# Newbie with a big problem - sorry this is a big long!



## minniemouse (Jun 15, 2011)

I got married just over 10 months ago and have had nothing but problems since around Novmeber last year – the first of which was, my DH has a very close female friend, who was the best ‘man’ at our wedding. It was her partners birthday in November and she threw him a big party. She got very very drunk and made a pass at my husband in front of everyone at the party – including her partner, who laughed it off as just being a bit drunk. My husband was also drunk, so rather than start a drunken fight I thought Id leave it a couple of days and have a rational discussion with him about it. He didn’t exactly reciprocate her advances but he didn’t back off from her either, which concerned me, otherwise Id have also just laughed it off. In fact when I approached him about it several days later he became very defensive and claimed Id never liked her and didn’t understand why Id had a problem with her when I knew her before I met him – which is true – she was an acquaintance, but not somebody I would have had in my close circle of friends as I regarded her as predatory – and it seems I was right. 
Anyway, after a tense discussion I agreed to let it go and say no more about it as long as when he went round to see her of an evening I went too, as I was (understandably!) feeling a little insecure. Whenever he goes to see her and I go however, they talk like im not even in the room and it disturbs me. Ive just started telling him now to go on his own because theres no point me being there. Last week he went to see her and when I asked what they had been chatting about (for 4 hours) he said ‘not much’ and that was pretty much all he said about it – until later on when he started the old conversation again about me not liking her and not trusting him etc etc – its all getting a bit tired now, and as much as he has said he wont see her again if it upsets me, you can hear the resentment in his voice as he doesn’t want to give up seeing his ‘friend’.

I recently found out also that he has been paying for premium porn websites on his credit card, yet he barely comes near me saying his job makes him very tired (he has a manual outdoor job) as he works long hours. He claims hes too tired to have a shower or have a shave more than twice a week, and has gained over 50lbs in the last four months alone – which in itself makes intimacy difficult, as Im only small, and to have him lying on top of me causes me actual physical pain. Hes also not very well endowed in that area (which wasn’t a problem until the weight gain) and its difficult in almost every position with his stomach being as big as it is – so its no wonder I don’t want to go near him and hes resorting to porn – but then he tries to blame me and all ive done is try and support him and get the family through a very tough time. 

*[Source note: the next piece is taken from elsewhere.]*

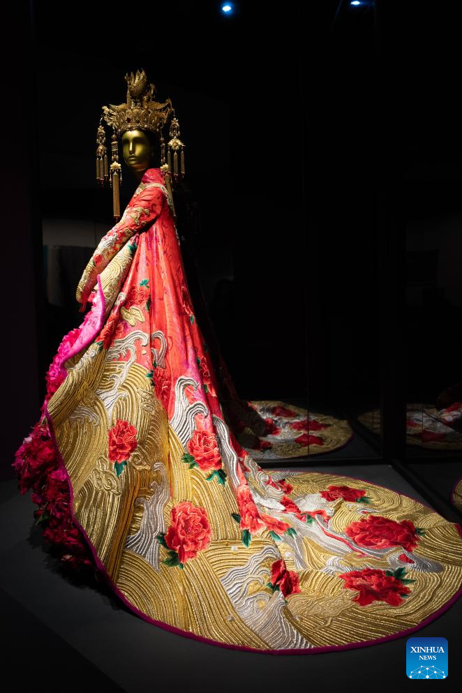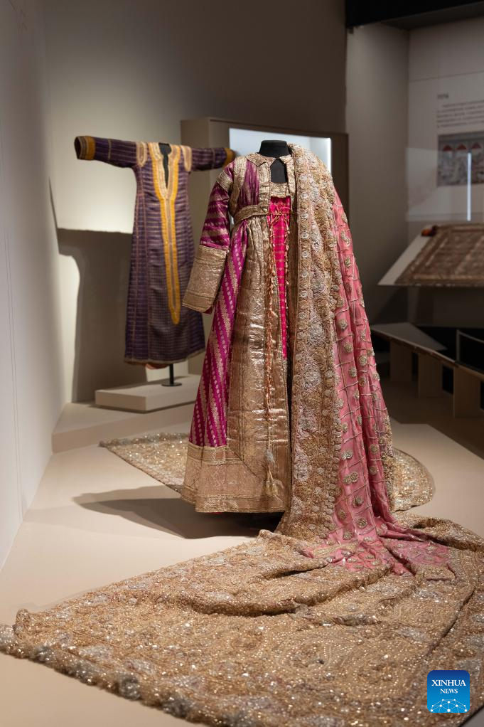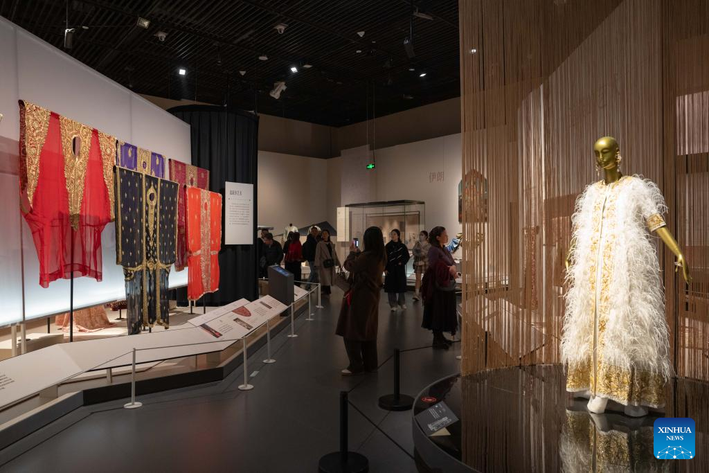 This photo taken on Jan. 13, 2026 shows an exhibit at the exhibition "Golden Thread: the Art of Dressing from North Africa to East Asia" at the Chengdu Museum in Chengdu, southwest China's Sichuan Province. The exhibition features over 200 pieces (sets) of gold-threaded textile artifacts from seven French cultural institutions, alongside precious collections from eight Chinese museums and cultural heritage organizations. (Xinhua/Xu Bingjie)
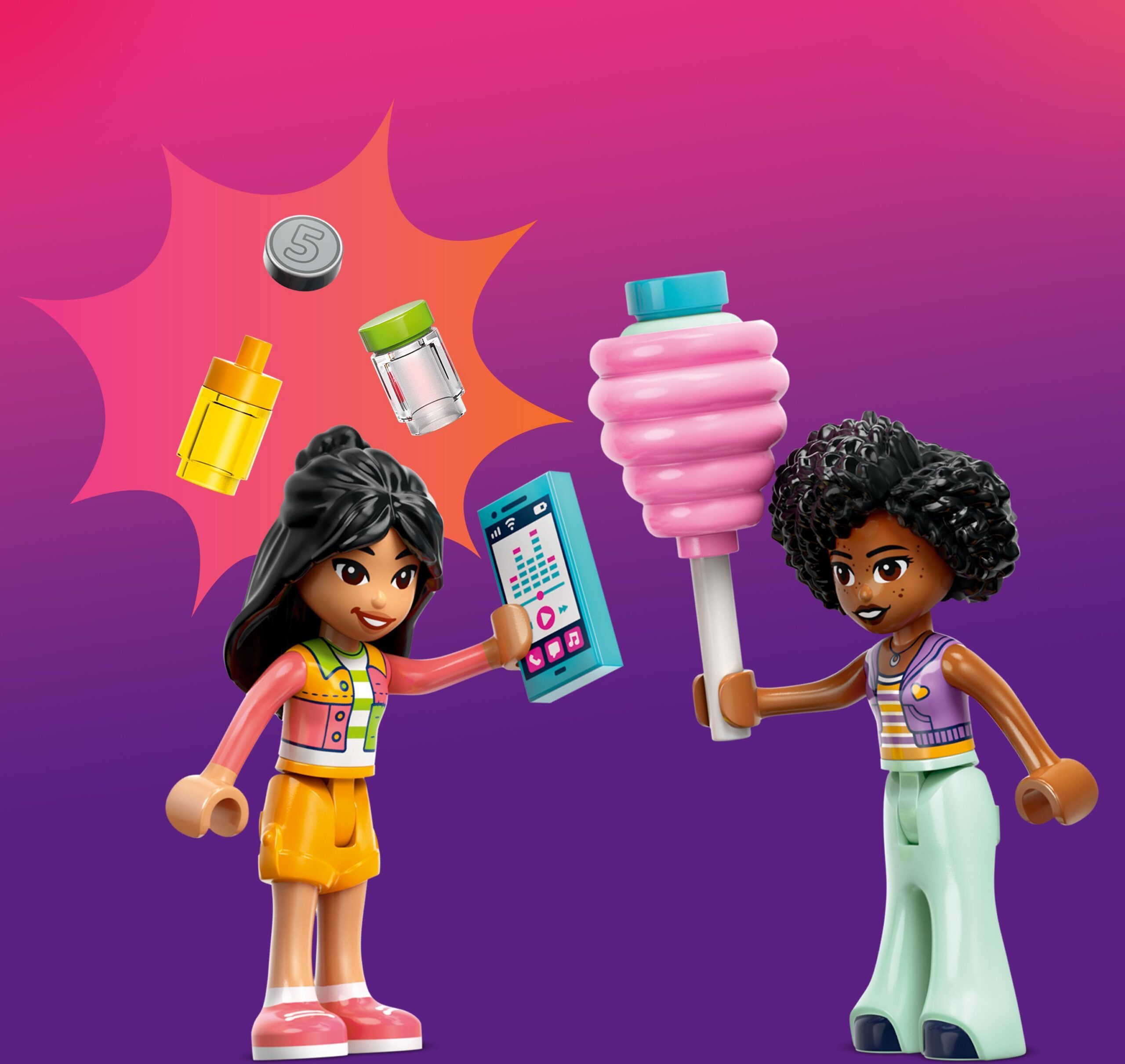 - Sisaldab 2 LEGO Friendsi mininukufiguuri – Komplekt sisaldab 2 mininukufiguuri ja suhkruvati maskoti ehitatavat figuuri.

Im not sure if the not washing and comfort eating is coming from depression – I suspect it is, as one of his adult children recently passed away after sustaining a brain injury, and its put a terrible strain on our relationship – well its put a strain on the entire family if Im honest as Ive been trying to hold everything together now for months while everything has just been going on around me. I just feel like what I have been trying to do to keep our relationship together is just useless and that my growing concerns over this other woman in his life, and my resentment at getting no appreciation from my husband for how Ive managed to keep everything together for everyone, is literally eating me up from the inside. Ive tried talking to him about everything that’s been going on but he just gets defensive, and twists what Im saying round to make me feel guilty for feeling the way I do about our marriage. 

The final straw came on my birthday last week, I had been hinting for a while about the kinds of things I would like for it (as he always asks me what I would like) and when I got in from work on my birthday he had bought me a half bottle of vodka, some flowers and some chocolates. He also gave me a card from him, and one from this other woman – who he happened to ‘bump in to’ at the same card shop that afternoon. My mind is literally spinning with negative thoughts about it, he completely ignored what I said I would like, and I suspect, had spent the afternoon with this other woman, as he said she wrote the card out in the shop, but the writing on the card is far too neat to have been written leaning up against a shop window. 

To think also that he left getting my birthday gifts until the actual day of my birthday shows he just isn’t thinking about me at all, and I feel like im the least important person in his life despite carrying everyone for the past 6 months and just having to cope with everything that has been going on. 
Id appreciate some advice – anything – that might help me see through all this and get to the heart of the problem, as whenever I talk to my husband he just makes me feel guilty, and Im just totally drained now and feel like I just need to get out.


----------



## Syrum (Feb 22, 2011)

You are his wife and you need to set some clear boundaries for yourself.

Instead of having another conversation get twisted around on you I would write him a letter.

In that letter I would let him know that you love him and you want to have a good marriage. Let him know that things cannot go on as they are , because you deserve better and you know your marriage will break down if it continues.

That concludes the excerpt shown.